Hogh disebut tetap tidak menerima umpan yang cukup, dan cara ia terlihat di lapangan digambarkan seperti pemain yang sedang kekurangan keyakinan. Dalam kondisi seperti itu, sekalipun bola datang, tidak ada jaminan ia akan mengeksekusi dengan cara yang begitu sering ia tunjukkan ketika bermain untuk Bodo-Glimt.
Masalah Celtic makin terasa ketika penyelesaian utama mereka juga tak mendapatkan start, sementara pemimpin tim, Callum McGregor, disebut kewalahan oleh tekanan. Jika situasi seperti itu terjadi bersamaan, persoalan menjadi terlalu berat bagi O’Neill untuk diselesaikan sendirian.
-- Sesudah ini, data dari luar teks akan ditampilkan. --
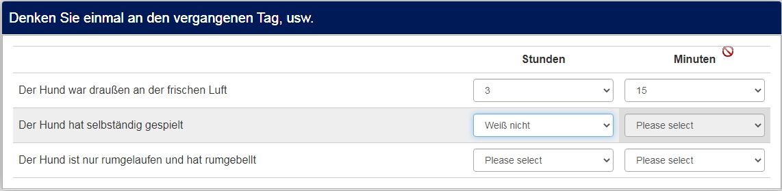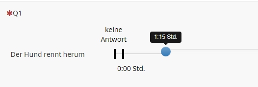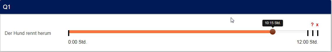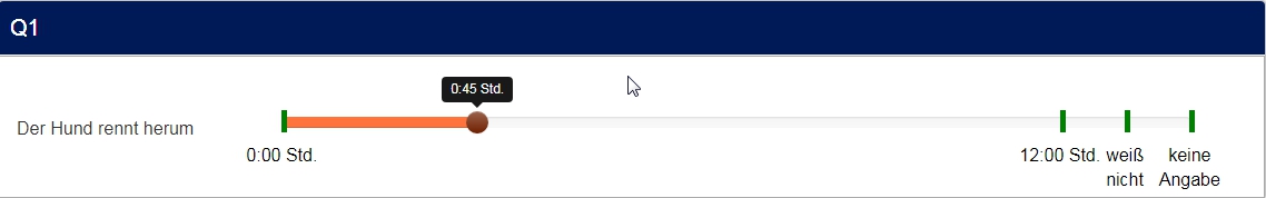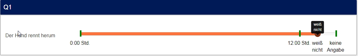 <script type="text/javascript" charset="utf-8"> $(document).on('ready pjax:scriptcomplete',function(){ // Identify this question var thisQuestion = $('#question{QID}'); // Define the text strings var tipTexts = { 0: '0:00 Std.', 1: '0:15 Std.', 2: '0:30 Std.', 3: '0:45 Std.', 4: '1:00 Std.', 5: '1:15 Std.', 6: '1:30 Std.', 7: '1:45 Std.', 8: '2:00 Std.', 9: '2:15 Std.', 10: '2:30 Std.', 11: '2:45 Std.', 12: '3:00 Std.', 13: '3:15 Std.', 14: '3:30 Std.', 15: '3:45 Std.', 16: '4:00 Std.', 17: '4:15 Std.', 18: '4:30 Std.', 19: '4:45 Std.', 20: '5:00 Std.', 21: '5:15 Std.', 22: '5:30 Std.', 23: '5:45 Std.', 24: '6:00 Std.', 25: '6:15 Std.', 26: '6:30 Std.', 27: '6:45 Std.', 28: '7:00 Std.', 29: '7:15 Std.', 30: '7:30 Std.', 31: '7:45 Std.', 32: '8:00 Std.', 33: '8:15 Std.', 34: '8:30 Std.', 35: '8:45 Std.', 36: '9:00 Std.', 37: '9:15 Std.', 38: '9:30 Std.', 39: '9:45 Std.', 40: '10:00 Std.', 41: '10:15 Std.', 42: '10:30 Std.', 43: '10:45 Std.', 44: '11:00 Std.', 45: '11:15 Std.', 46: '11:30 Std.', 47: '11:45 Std.', 48: '12:00 Std.', 49: 'weiß nicht', 50: 'keine Angabe' }; $('input:text', thisQuestion).on('slideEnabled',function(){ var thisItem = $(this).closest('li'); // Insert custom tooltip $('.tooltip-inner', thisItem).addClass('tooltip-inner-1 hidden'); var i0=$(this).val(); i0=Number(i0); $('.tooltip', thisItem).append('<div class="tooltip-inner tooltip-inner-2">'+tipTexts[i0]+'</div>'); // Listener on slider $(this).on('slide slideStop', function(event) { // Handle dynamic tooltip text var i1=$(this).val(); i1=Number(i1); $('.tooltip-inner-2', thisItem).html(tipTexts[i1]); }); }); }); </script> <script type="text/javascript" charset="utf-8"> $(document).on('ready pjax:scriptcomplete',function(){ var ticksArray = [ [0, '0:00 Std.'], [48, '12:00 Std.'], [49, ''], [50, ''], ]; var ticksArray2 = [ [49, '<span style="color:red;font-size:12pt;font-weight:bold">?</span>'], [50, '<span style="color:red;font-size:12pt;font-weight:bold">x</span>'] ]; insertSliderTicks('{QID}', ticksArray); insertSliderTicks2('{QID}', ticksArray2); }); /* Insert Slider Tick Marks */ function insertSliderTicks(qID, ticksArray) { var thisQuestion = $('#question'+qID); $(thisQuestion).addClass('with-inserted-ticks'); $('input:text', thisQuestion).on('slideEnabled',function(){ var thisSlider = $(this); var thisItem = $(thisSlider).closest('li'); var thisMin = $('.slider-handle:eq(0)', thisItem).attr('aria-valuemin'); var thisMax = $('.slider-handle:eq(0)', thisItem).attr('aria-valuemax'); var thisRange = thisMax - thisMin; $.each(ticksArray, function(i, val) { var tickRelativePosition = val[0] - thisMin; var tickPercent = (tickRelativePosition/thisRange)*100; // Insert tick marks $('.slider-handle:eq(0)', thisItem).before('<div class="inserted-tick left-'+tickPercent+'" style="left: '+tickPercent+'%">\ <div class="tick-text">'+val[1]+'</div>\ </div>'); }); }); } /* Insert Slider Tick Marks */ function insertSliderTicks2(qID, ticksArray2) { var thisQuestion = $('#question'+qID); $(thisQuestion).addClass('with-inserted-ticks'); $('input:text', thisQuestion).on('slideEnabled',function(){ var thisSlider = $(this); var thisItem = $(thisSlider).closest('li'); var thisMin = $('.slider-handle:eq(0)', thisItem).attr('aria-valuemin'); var thisMax = $('.slider-handle:eq(0)', thisItem).attr('aria-valuemax'); var thisRange = thisMax - thisMin; $.each(ticksArray2, function(i, val) { var tickRelativePosition = val[0] - thisMin; var tickPercent = (tickRelativePosition/thisRange)*100; // Insert tick marks $('.slider-handle:eq(0)', thisItem).before('<div class="inserted-tick2 left-'+tickPercent+'" style="left: '+tickPercent+'%">\ <div class="tick-text">'+val[1]+'</div>\ </div>'); }); }); } </script>

McInnes memang benar soal “three points”, tetapi yang paling menentukan saat ini adalah momentum yang dibawa Rangers di Glasgow. Energi, kejernihan, dan optimisme yang muncul digambarkan sebagai “blue and not green”—sebuah sinyal bahwa roda kekuatan berpindah dengan cepat.
Tentu, momentum bisa berbalik lagi jika Celtic mampu merapikan permainan mereka. Namun untuk saat ini, pertanyaan besar memang menumpuk. Rangers terlihat seperti klub yang tahu arah yang ingin mereka tuju, sementara Celtic justru tampak tersesat dalam kabut kebingungan dan ketidakpastian.